EXERCISE MATERIAL >>
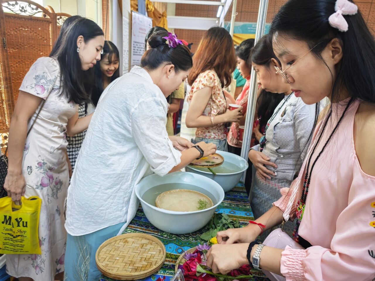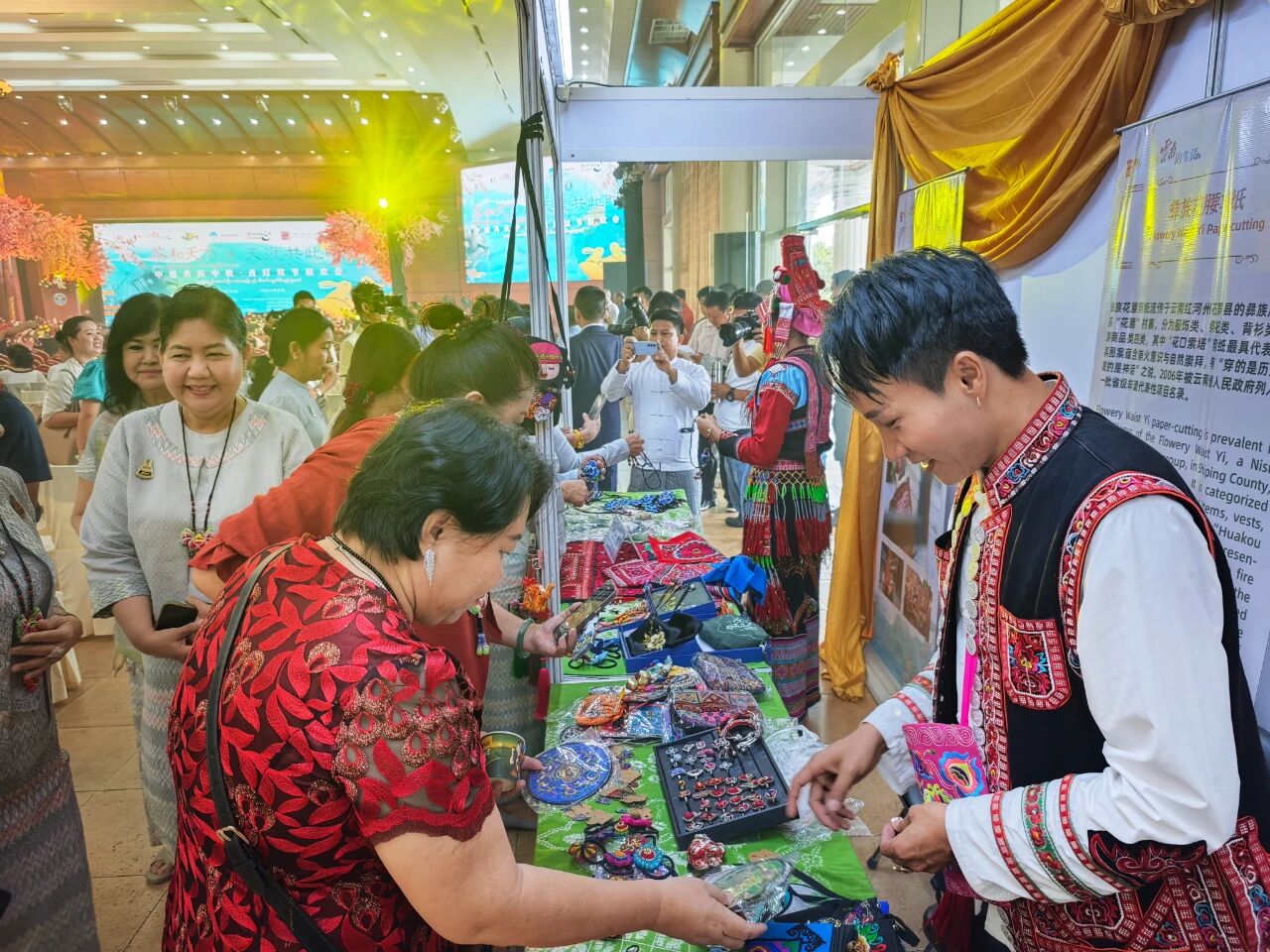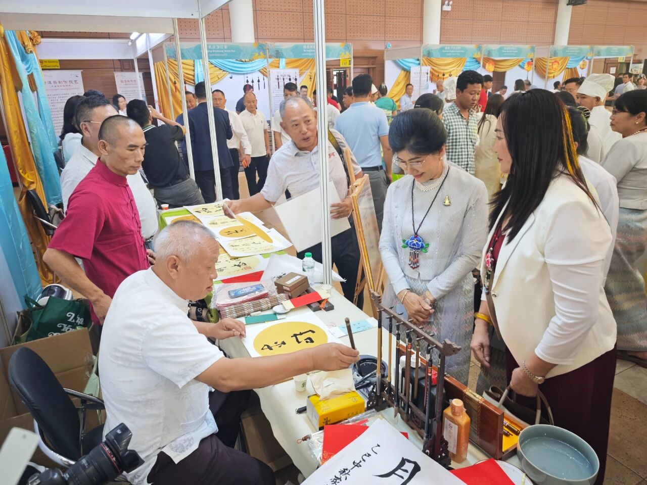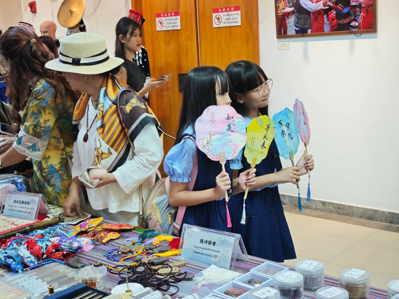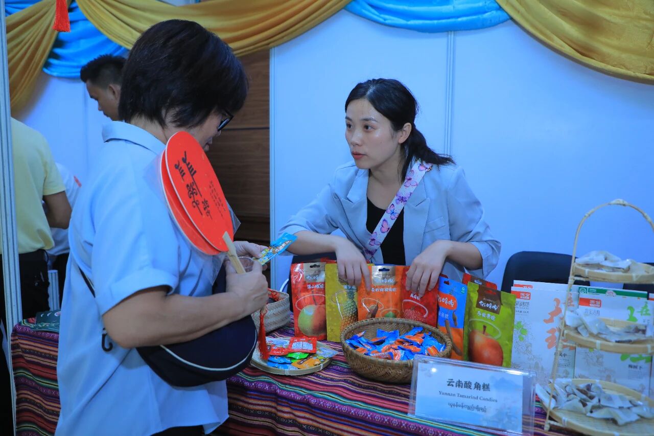 在云南非遗文化展示体验区,彝族(花腰)刺绣、彝族(花腰)剪纸、白族扎染、傣族传统手工造纸、纳西族东巴画、腾冲擀香夺人眼球,展台前人头攒动;青少年则或热衷于埋头“甲马”拓印,或奔走于书法展台与漆扇体验展台之间,请缅华书画协会的老师们在扇面题上汉字,用中华文化符号制作出独属于自己的“精彩”。茶文化体验区,云南酸角糕、大理话梅以及鲜花饼、云腿酥、滇式月饼不断撞击着人们的味蕾,嘉宾们依次品尝凤庆滇红茶、普洱贡茶、大益茶、德昂族酸茶、黑茶,体会另一种“中国味道”。在缅甸文化和美食体验区,众多观众兴致勃勃地体验“特纳卡”在脸颊涂抹出吉祥的图案,咀嚼“拌茶叶”带来的当地节庆风情。
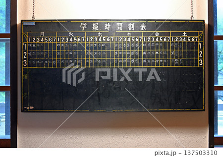 古い木造校舎の壁に掲げられた手書き文字が残る学級時間割表の黒板
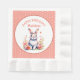 En söt liten kanin omgiven av rosa och korallblommor vattenfärgsillustration personlig födelsedagsfest pappra blöjor för en liten flicka.
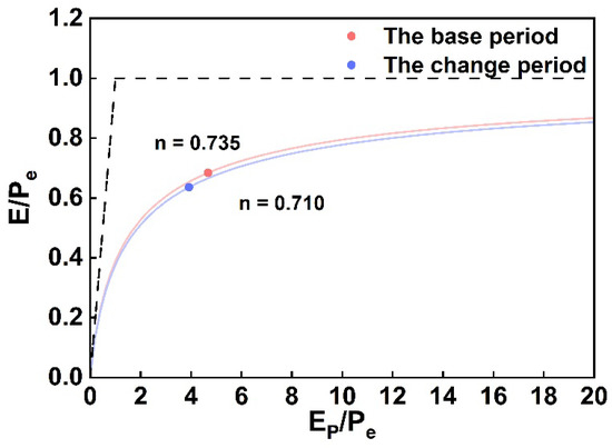 We also display the data in the two periods in the Budyko space. As shown in Figure 4, the data points in the base period and change period were in different Budyko curves. Compared with the base period, the dryness index (EP/P) in the change period decreased significantly, indicating a tendency for a warmer and wetter climate in the upper Kaidu River basin.
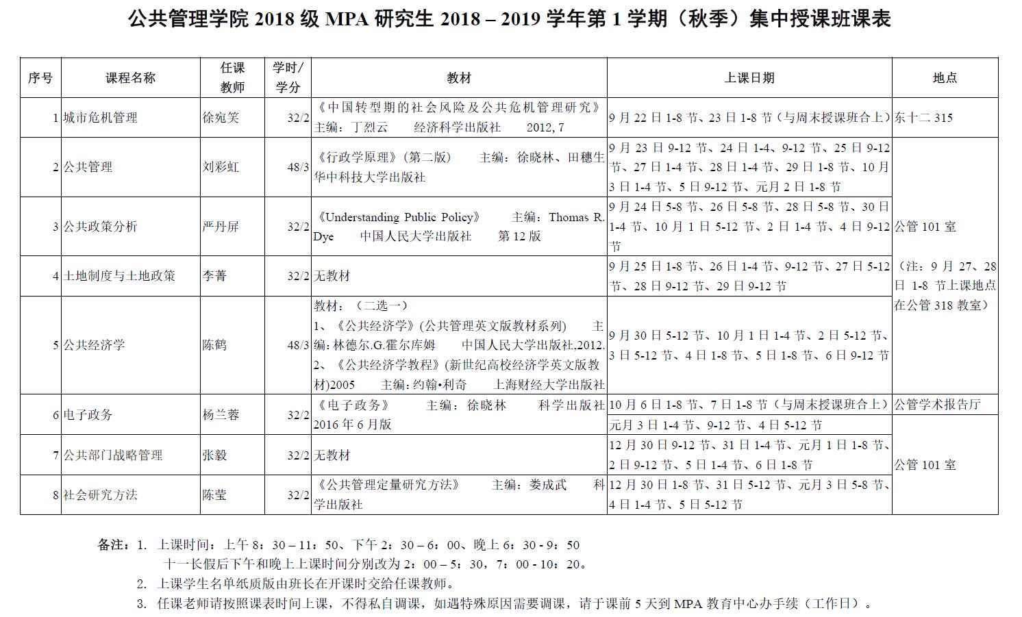 伟德国际19462018级MPA研究生2018-2019学年第1学期(秋季)集中授课班课表
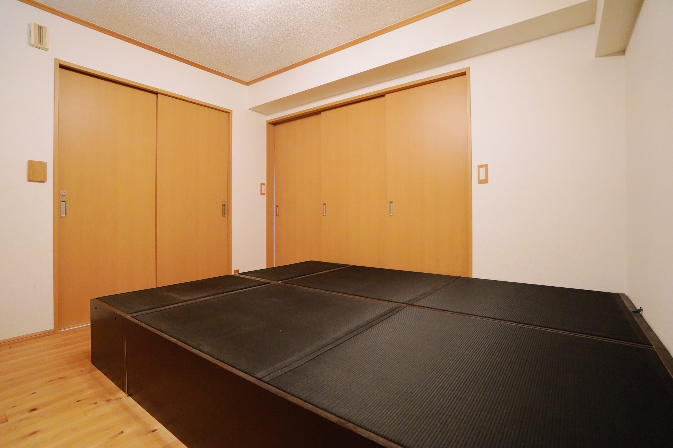 残置物:照明器具、居室内収納(メタルラックなど、不要な場合撤去可能)、畳ベッド兼収納
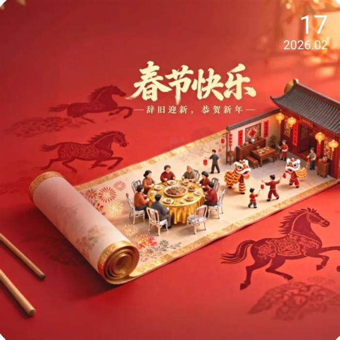 残岁辞霜送旧寒,新驹踏暖入春烟。几番行色晴阴过,一片初心岁月安。 烹玉饺,贴红联,欢声漫绕小庭前。眉间尽揽东风意,心向星河步步宽。
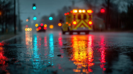 Nighttime urban scene showcasing a gleaming emergency vehicle moving down a city street during a rainfall. Bright emergency lights illuminate the vehicle.

THE PROBLEM >> Since the copy must contain no pictures, return only the text of the records, exactly as it stands.

ANSWER AREA >>
 在云南非遗文化展示体验区,彝族(花腰)刺绣、彝族(花腰)剪纸、白族扎染、傣族传统手工造纸、纳西族东巴画、腾冲擀香夺人眼球,展台前人头攒动;青少年则或热衷于埋头“甲马”拓印,或奔走于书法展台与漆扇体验展台之间,请缅华书画协会的老师们在扇面题上汉字,用中华文化符号制作出独属于自己的“精彩”。茶文化体验区,云南酸角糕、大理话梅以及鲜花饼、云腿酥、滇式月饼不断撞击着人们的味蕾,嘉宾们依次品尝凤庆滇红茶、普洱贡茶、大益茶、德昂族酸茶、黑茶,体会另一种“中国味道”。在缅甸文化和美食体验区,众多观众兴致勃勃地体验“特纳卡”在脸颊涂抹出吉祥的图案,咀嚼“拌茶叶”带来的当地节庆风情。
 古い木造校舎の壁に掲げられた手書き文字が残る学級時間割表の黒板
 En söt liten kanin omgiven av rosa och korallblommor vattenfärgsillustration personlig födelsedagsfest pappra blöjor för en liten flicka.
 We also display the data in the two periods in the Budyko space. As shown in Figure 4, the data points in the base period and change period were in different Budyko curves. Compared with the base period, the dryness index (EP/P) in the change period decreased significantly, indicating a tendency for a warmer and wetter climate in the upper Kaidu River basin.
 伟德国际19462018级MPA研究生2018-2019学年第1学期(秋季)集中授课班课表
 残置物:照明器具、居室内収納(メタルラックなど、不要な場合撤去可能)、畳ベッド兼収納
 残岁辞霜送旧寒,新驹踏暖入春烟。几番行色晴阴过,一片初心岁月安。 烹玉饺,贴红联,欢声漫绕小庭前。眉间尽揽东风意,心向星河步步宽。
 Nighttime urban scene showcasing a gleaming emergency vehicle moving down a city street during a rainfall. Bright emergency lights illuminate the vehicle.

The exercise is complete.